Supplied material
----------
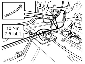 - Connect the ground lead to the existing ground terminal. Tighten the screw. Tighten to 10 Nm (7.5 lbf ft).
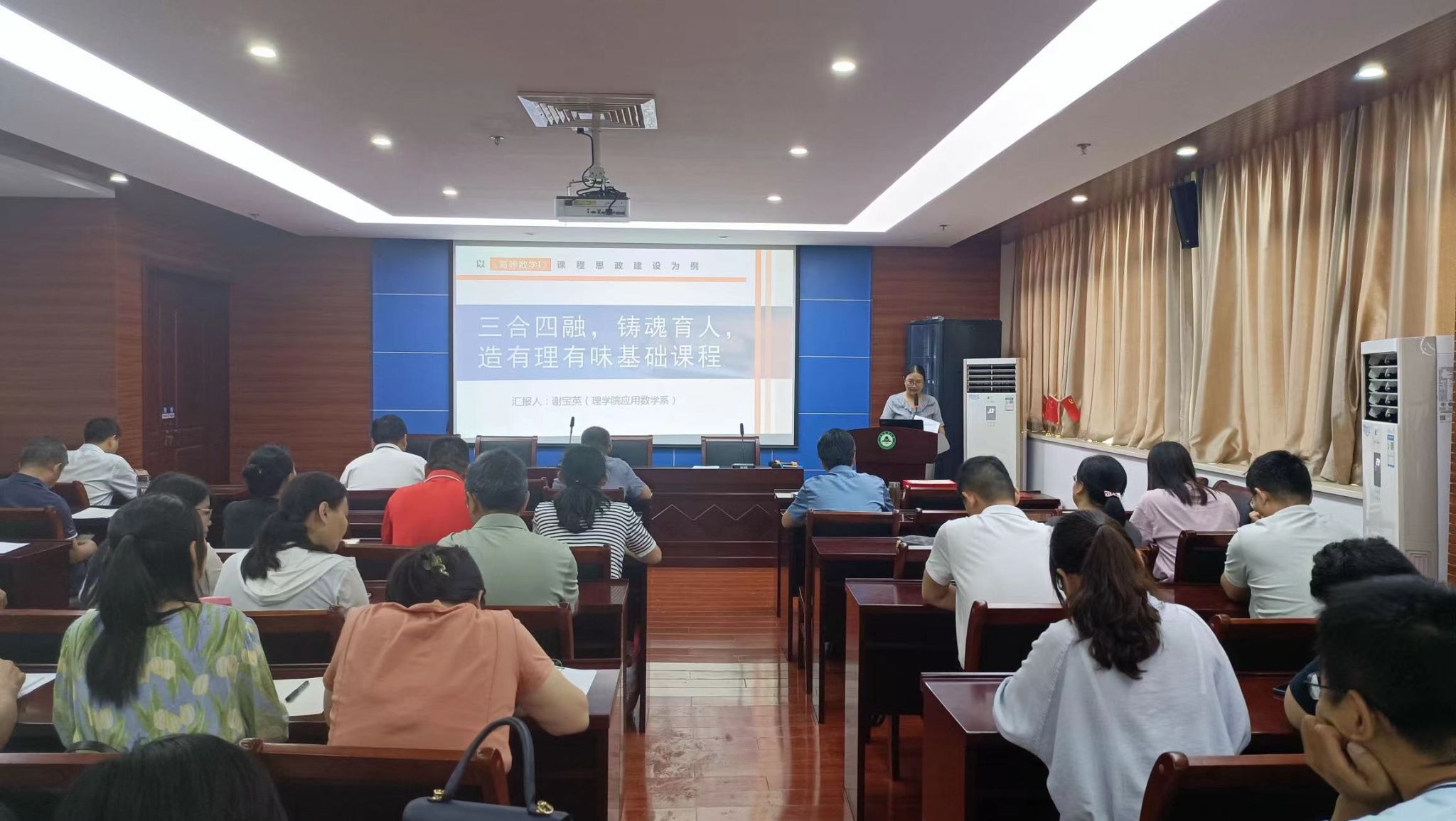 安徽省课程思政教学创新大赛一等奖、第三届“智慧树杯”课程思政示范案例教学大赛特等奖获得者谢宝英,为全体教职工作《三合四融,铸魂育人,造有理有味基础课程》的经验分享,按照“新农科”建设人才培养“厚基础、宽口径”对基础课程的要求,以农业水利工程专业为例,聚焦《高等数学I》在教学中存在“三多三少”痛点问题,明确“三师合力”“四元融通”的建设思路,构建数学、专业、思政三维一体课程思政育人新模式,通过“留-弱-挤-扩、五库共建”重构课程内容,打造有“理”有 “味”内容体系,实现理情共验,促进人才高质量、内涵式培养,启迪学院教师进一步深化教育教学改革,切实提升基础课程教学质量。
----------
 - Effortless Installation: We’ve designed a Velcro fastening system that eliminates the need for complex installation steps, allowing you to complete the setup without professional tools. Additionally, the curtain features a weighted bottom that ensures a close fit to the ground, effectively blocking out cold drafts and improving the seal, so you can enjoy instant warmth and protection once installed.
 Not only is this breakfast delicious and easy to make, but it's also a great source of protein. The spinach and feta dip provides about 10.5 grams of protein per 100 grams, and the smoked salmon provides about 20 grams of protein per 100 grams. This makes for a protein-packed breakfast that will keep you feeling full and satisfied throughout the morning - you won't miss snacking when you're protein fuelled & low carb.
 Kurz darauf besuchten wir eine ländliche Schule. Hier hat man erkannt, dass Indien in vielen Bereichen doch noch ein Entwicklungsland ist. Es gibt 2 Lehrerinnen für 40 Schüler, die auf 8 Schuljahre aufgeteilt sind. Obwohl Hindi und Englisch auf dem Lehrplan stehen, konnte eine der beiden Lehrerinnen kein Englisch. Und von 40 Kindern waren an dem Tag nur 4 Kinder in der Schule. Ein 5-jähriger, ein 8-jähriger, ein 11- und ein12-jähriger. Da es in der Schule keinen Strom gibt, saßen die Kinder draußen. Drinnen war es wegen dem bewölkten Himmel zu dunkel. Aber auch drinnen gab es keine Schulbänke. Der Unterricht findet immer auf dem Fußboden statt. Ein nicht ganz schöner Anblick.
----------
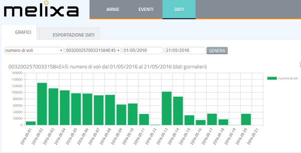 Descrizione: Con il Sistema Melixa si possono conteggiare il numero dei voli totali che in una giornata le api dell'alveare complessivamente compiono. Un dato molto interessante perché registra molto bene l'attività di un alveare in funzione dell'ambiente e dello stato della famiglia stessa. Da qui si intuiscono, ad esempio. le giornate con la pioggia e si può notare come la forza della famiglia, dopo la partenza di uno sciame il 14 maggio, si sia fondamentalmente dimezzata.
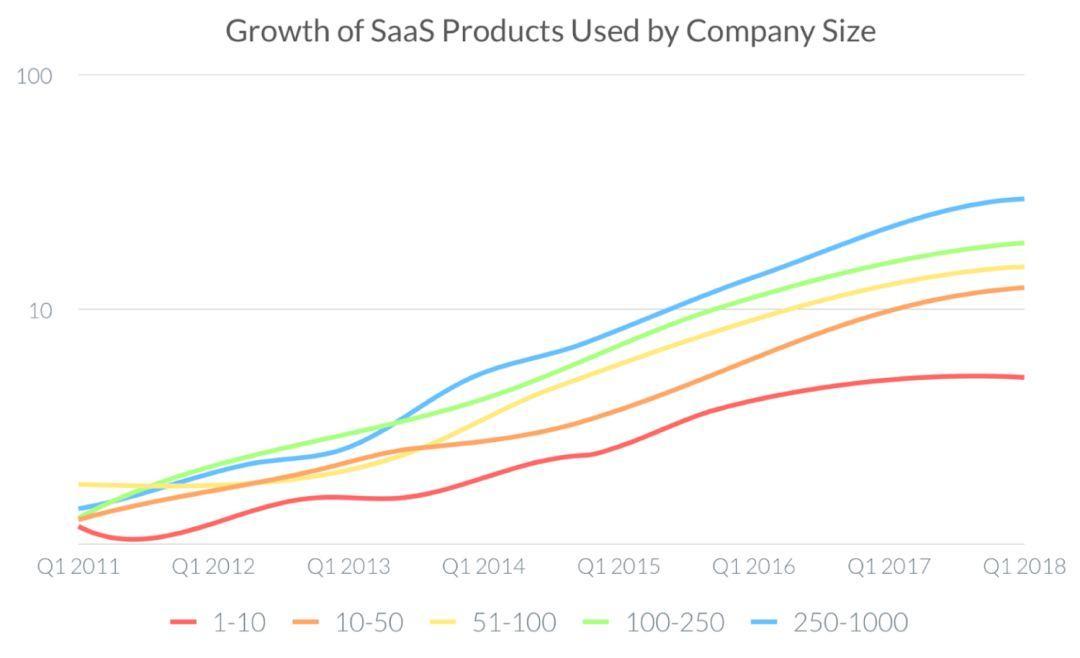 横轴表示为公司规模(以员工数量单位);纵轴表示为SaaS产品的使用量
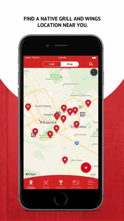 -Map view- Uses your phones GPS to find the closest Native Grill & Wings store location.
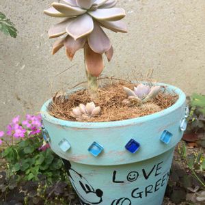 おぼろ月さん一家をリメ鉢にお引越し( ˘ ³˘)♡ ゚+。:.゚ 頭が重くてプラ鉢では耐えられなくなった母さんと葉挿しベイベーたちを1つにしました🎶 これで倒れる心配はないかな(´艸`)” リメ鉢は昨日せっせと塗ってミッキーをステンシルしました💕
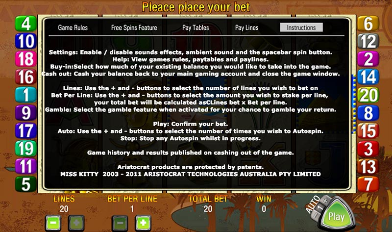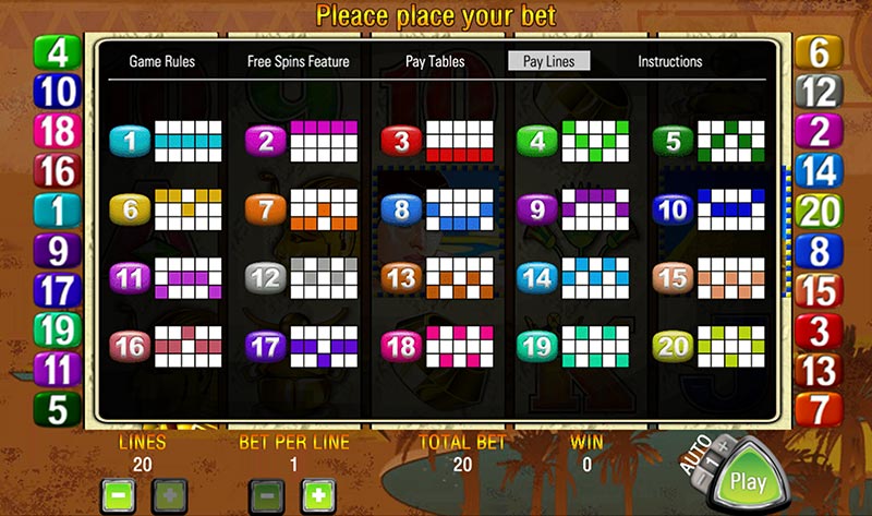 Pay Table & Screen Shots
----------
Description of the task
Starting at the line containing "Descrizione: Con il" and stopping at the line containing "おぼろ月さん一家をリメ鉢にお引越し( ˘ ³˘)♡", output every line above exactly, both ends included, with pictures omitted.

Solution below
 Descrizione: Con il Sistema Melixa si possono conteggiare il numero dei voli totali che in una giornata le api dell'alveare complessivamente compiono. Un dato molto interessante perché registra molto bene l'attività di un alveare in funzione dell'ambiente e dello stato della famiglia stessa. Da qui si intuiscono, ad esempio. le giornate con la pioggia e si può notare come la forza della famiglia, dopo la partenza di uno sciame il 14 maggio, si sia fondamentalmente dimezzata.
 横轴表示为公司规模(以员工数量单位);纵轴表示为SaaS产品的使用量
 -Map view- Uses your phones GPS to find the closest Native Grill & Wings store location.
 おぼろ月さん一家をリメ鉢にお引越し( ˘ ³˘)♡ ゚+。:.゚ 頭が重くてプラ鉢では耐えられなくなった母さんと葉挿しベイベーたちを1つにしました🎶 これで倒れる心配はないかな(´艸`)” リメ鉢は昨日せっせと塗ってミッキーをステンシルしました💕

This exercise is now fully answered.